Problem to work on: Below are the records. Retype exactly the lines between the lines holding "Coiling the Cable" and "- Týdenní dávkovač", inclusive.

Dataset excerpts:
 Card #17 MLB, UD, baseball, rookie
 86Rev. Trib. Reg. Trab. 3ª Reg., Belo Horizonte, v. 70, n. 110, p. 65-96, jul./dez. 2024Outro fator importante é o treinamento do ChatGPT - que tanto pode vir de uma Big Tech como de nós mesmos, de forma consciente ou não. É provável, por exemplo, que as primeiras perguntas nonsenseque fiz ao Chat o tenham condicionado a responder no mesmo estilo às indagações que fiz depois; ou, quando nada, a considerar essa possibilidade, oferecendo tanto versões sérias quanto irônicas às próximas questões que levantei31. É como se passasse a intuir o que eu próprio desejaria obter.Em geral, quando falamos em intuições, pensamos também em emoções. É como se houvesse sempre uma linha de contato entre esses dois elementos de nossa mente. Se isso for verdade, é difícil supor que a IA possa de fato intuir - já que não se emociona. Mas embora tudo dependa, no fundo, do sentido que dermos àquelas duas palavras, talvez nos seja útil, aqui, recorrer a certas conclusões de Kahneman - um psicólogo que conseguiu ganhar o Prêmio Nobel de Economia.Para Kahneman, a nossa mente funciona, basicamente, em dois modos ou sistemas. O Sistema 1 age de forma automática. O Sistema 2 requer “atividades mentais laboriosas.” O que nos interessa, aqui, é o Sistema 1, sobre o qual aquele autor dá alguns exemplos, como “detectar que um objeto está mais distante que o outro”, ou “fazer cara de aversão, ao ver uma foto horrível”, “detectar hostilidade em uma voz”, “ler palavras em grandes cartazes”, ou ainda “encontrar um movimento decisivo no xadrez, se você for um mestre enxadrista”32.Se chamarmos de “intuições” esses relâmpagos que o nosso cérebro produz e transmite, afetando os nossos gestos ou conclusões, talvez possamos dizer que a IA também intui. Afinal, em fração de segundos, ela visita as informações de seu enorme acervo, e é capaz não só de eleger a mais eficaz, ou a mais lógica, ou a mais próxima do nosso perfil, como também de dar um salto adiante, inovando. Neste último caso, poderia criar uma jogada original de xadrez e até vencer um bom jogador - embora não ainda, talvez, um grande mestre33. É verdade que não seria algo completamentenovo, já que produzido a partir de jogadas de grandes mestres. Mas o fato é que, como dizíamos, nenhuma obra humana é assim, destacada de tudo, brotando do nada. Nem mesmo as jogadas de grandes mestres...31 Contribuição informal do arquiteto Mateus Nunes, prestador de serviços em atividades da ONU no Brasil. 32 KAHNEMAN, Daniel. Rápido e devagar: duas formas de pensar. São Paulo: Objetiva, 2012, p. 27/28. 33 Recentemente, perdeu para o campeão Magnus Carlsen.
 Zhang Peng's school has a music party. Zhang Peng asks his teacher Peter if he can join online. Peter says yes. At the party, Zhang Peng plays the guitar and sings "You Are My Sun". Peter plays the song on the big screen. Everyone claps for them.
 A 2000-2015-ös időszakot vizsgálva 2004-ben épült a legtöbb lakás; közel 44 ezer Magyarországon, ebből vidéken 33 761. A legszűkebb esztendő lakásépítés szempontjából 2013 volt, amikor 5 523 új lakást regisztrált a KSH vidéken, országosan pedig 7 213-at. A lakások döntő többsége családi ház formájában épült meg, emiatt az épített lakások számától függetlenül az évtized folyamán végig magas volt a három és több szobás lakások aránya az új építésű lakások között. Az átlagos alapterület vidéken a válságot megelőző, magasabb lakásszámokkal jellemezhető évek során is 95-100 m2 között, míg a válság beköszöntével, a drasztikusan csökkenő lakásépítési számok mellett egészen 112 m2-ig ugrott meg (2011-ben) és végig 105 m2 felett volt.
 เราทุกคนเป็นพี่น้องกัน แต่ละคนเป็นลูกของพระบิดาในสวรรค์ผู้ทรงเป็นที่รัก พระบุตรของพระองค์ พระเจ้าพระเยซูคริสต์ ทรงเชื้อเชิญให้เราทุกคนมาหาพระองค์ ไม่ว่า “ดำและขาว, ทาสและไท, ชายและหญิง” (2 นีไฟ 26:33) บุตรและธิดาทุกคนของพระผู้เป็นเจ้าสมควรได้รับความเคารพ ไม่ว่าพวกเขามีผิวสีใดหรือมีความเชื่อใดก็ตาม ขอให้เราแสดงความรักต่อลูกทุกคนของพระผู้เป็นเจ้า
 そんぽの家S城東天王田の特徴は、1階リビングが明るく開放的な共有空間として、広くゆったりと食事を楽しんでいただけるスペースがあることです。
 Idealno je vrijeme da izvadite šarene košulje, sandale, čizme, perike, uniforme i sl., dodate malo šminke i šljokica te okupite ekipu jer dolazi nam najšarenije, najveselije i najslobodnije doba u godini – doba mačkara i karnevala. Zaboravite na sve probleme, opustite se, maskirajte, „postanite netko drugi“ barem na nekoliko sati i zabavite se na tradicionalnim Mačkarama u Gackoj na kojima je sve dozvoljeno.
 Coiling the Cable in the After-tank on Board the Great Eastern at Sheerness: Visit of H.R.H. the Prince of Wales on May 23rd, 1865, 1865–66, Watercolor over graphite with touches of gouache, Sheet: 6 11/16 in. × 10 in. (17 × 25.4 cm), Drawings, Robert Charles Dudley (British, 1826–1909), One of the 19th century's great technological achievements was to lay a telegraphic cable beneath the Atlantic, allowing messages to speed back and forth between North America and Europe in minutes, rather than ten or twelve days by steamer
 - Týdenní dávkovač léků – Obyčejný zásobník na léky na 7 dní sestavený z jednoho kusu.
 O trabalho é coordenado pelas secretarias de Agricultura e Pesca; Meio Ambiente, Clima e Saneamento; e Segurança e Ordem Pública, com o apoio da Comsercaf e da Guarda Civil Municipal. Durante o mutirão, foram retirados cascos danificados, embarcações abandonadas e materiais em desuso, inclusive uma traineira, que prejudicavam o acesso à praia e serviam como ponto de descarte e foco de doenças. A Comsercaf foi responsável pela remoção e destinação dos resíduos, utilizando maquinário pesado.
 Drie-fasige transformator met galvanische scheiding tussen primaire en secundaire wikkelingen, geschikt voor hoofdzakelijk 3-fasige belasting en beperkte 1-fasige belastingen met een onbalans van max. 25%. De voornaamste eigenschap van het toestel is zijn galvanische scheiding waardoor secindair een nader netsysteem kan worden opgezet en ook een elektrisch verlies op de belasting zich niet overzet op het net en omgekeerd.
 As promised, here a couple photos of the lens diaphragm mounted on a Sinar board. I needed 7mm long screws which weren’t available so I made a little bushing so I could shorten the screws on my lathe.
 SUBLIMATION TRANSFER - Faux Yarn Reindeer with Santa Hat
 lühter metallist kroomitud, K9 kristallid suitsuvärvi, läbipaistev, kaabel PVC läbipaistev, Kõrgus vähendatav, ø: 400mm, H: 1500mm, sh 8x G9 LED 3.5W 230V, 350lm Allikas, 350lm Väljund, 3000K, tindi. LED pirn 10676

Task answer:
 Coiling the Cable in the After-tank on Board the Great Eastern at Sheerness: Visit of H.R.H. the Prince of Wales on May 23rd, 1865, 1865–66, Watercolor over graphite with touches of gouache, Sheet: 6 11/16 in. × 10 in. (17 × 25.4 cm), Drawings, Robert Charles Dudley (British, 1826–1909), One of the 19th century's great technological achievements was to lay a telegraphic cable beneath the Atlantic, allowing messages to speed back and forth between North America and Europe in minutes, rather than ten or twelve days by steamer
 - Týdenní dávkovač léků – Obyčejný zásobník na léky na 7 dní sestavený z jednoho kusu.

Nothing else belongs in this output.